— Instructions for the task —
Would you please return the lines of the entries below starting at the line that has "British Aerospace Jetstream 31 Cockpit Cover" and ending at the line that has "This cover type", both included, exactly as they are?

— Data under study —
● ● ●

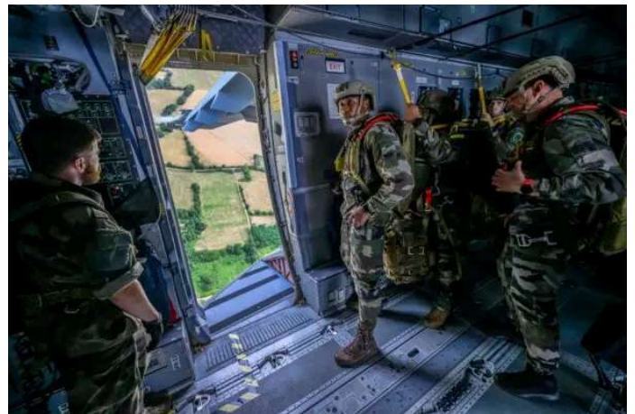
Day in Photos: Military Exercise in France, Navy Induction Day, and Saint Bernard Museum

● ● ●

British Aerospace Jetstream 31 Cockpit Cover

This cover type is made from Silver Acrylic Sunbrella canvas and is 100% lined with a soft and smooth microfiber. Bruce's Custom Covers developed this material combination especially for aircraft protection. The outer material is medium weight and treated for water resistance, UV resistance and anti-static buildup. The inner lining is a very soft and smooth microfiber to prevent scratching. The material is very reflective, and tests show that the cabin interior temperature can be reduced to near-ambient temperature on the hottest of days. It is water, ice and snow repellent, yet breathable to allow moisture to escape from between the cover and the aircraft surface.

● ● ●

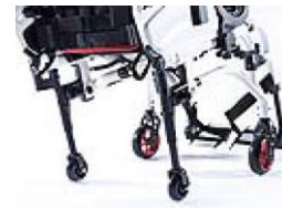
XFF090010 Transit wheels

● ● ●

— Result —
British Aerospace Jetstream 31 Cockpit Cover

This cover type is made from Silver Acrylic Sunbrella canvas and is 100% lined with a soft and smooth microfiber. Bruce's Custom Covers developed this material combination especially for aircraft protection. The outer material is medium weight and treated for water resistance, UV resistance and anti-static buildup. The inner lining is a very soft and smooth microfiber to prevent scratching. The material is very reflective, and tests show that the cabin interior temperature can be reduced to near-ambient temperature on the hottest of days. It is water, ice and snow repellent, yet breathable to allow moisture to escape from between the cover and the aircraft surface.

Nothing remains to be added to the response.